叶吟瞥见他嘴角沾着一滴药汁,不假思索地抽出帕子,替他拭去。
和天下放下书册,一手撑着脸,目光静静望向她。
叶吟心头微乱。平日照料病人,这般动作本是寻常,可此刻指尖传来的温度、眼前这专注的凝视,却让一切都不一样了。分明越过了医者与病患的分际,散着一层说不清的暧昧。
而他投来的这一眼,深邃而温存,竟像是她等待许久的目光。在未得到这种眼神前,叶吟总觉得有什么谜团未解,有什么答案藏在雾里;此刻,这眼神却仿佛拨开了云雾,告诉她,这就是她隐隐期盼的回应。
叶吟没有再说话,只是安然地看了他片刻,后退两步,转身离去。
望着那道柔然纤细的身影消失在廊外,和天下回味着方才似有若无的亲近,唇角微扬,心驰神往。他屈指轻扣砚台,阿青应声而入,他低声吩咐了几句。
寝宫内。
曲一一猫着身子,本是吓叶吟一跳,不料对方全无惊色。她撅噘嘴,无趣地坐于一旁。
恰在此时,十余名侍者鱼贯而入,手中捧着各色锦盒漆盘。
阿青上前,柔声道:“主上赏赐,请叶神医笑纳。”
众人轻手轻脚将物件一一陈列,桌上放满了,便小心搁在床榻边。转眼间,屋内珠光宝气,琳琅满目。

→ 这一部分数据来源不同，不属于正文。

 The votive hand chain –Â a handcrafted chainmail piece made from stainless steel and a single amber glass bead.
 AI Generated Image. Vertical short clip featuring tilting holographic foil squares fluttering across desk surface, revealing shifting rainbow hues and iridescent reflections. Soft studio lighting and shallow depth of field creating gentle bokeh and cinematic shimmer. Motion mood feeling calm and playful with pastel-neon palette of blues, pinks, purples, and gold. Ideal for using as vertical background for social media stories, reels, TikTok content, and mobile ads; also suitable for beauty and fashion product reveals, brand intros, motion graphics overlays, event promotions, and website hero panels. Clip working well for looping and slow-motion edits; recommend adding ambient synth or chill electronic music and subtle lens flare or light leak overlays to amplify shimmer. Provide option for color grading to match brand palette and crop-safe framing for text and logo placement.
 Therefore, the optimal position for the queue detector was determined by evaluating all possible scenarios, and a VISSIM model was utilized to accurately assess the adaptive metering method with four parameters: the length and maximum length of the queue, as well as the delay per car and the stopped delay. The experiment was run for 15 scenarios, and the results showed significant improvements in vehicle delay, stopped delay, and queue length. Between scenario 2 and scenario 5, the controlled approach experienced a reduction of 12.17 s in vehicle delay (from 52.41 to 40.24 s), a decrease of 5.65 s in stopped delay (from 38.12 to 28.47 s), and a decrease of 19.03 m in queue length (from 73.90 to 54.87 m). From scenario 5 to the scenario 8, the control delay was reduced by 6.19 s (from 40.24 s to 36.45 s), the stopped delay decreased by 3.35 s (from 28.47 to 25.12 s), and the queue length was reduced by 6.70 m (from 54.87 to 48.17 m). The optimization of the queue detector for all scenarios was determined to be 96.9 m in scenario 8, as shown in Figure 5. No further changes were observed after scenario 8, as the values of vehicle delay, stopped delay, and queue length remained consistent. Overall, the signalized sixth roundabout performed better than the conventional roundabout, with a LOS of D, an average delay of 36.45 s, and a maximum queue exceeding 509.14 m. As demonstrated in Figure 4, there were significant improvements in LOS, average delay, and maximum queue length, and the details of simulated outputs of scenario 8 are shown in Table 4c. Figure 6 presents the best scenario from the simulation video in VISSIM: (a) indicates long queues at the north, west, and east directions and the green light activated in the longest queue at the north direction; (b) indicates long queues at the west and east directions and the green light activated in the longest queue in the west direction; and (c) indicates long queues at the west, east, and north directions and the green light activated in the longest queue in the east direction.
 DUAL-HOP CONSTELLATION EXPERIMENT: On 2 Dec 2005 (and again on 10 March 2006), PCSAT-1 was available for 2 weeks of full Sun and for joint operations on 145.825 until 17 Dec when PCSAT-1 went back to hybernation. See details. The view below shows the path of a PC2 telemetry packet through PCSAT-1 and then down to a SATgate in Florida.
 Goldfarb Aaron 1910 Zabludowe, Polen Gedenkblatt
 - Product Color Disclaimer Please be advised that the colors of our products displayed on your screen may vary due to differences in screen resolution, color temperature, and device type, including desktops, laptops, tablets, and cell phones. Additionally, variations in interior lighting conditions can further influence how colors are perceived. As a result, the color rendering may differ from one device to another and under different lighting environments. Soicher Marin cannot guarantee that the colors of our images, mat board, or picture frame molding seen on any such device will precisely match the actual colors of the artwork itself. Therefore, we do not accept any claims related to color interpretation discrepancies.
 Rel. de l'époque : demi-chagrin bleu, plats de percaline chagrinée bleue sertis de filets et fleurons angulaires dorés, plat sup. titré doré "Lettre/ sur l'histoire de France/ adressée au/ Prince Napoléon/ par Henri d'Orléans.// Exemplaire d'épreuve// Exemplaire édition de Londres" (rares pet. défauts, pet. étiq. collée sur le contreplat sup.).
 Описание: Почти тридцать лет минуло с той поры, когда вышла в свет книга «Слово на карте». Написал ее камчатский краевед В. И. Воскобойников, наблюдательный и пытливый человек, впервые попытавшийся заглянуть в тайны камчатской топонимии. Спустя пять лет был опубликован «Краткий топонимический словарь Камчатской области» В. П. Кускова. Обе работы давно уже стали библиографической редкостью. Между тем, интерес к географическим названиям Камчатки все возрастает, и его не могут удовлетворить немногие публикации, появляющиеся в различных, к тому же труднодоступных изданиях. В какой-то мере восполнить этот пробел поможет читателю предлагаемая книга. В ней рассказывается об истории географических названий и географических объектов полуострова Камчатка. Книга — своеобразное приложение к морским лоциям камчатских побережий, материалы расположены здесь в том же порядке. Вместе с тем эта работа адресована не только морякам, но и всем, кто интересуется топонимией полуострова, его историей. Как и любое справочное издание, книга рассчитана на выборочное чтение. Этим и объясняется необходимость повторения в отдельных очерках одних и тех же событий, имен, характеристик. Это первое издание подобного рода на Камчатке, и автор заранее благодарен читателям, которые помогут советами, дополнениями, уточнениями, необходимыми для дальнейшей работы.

阿青又道:“叶神医与小主同住一殿,恐多有不便。主上特赐阁樱风堂给神医居住。”
侍者退去后,曲一一好奇地翻看赏赐:画珐琅缠枝莲纹攒盒、翡翠牡丹花钗、七彩孔明琉璃盏、九十九枚金瓜子、乃至珍稀的草八珍“雪裙仙子”……
她笑吟吟道:“待叶姐姐医好我爹的病,想必还有更多的厚礼呢。”她年纪尚小,并未懂这些赏赐背后的深意。
叶吟望着满室华光,只轻声道:“这些物件……除了这几身衣裳眼下用得着,其余都退回去吧。”她来时仓促,并未多备衣衫,这几袭新衣倒是适时。
曲一一瞪大眼睛:“诶,遇上这般阔绰的主,你竟不想着多讨些好处!笨呐——”叶吟不禁笑了,轻刮她鼻尖:“那可是你爹爹。”
曲一一也跟着笑起来:“这钱财在你眼里,当真如尘土一般。”
“都退回来了?”和天下挑眉,有些意外。
“是,只留了两身衣裳。”阿青垂首答道。
“两身衣裳……”和天下沉吟片刻,忽而笑了,目光望向远处庭景,“这天下,竟真有视金银如无物之人。”
他眼底闪过些许深沉的欣赏。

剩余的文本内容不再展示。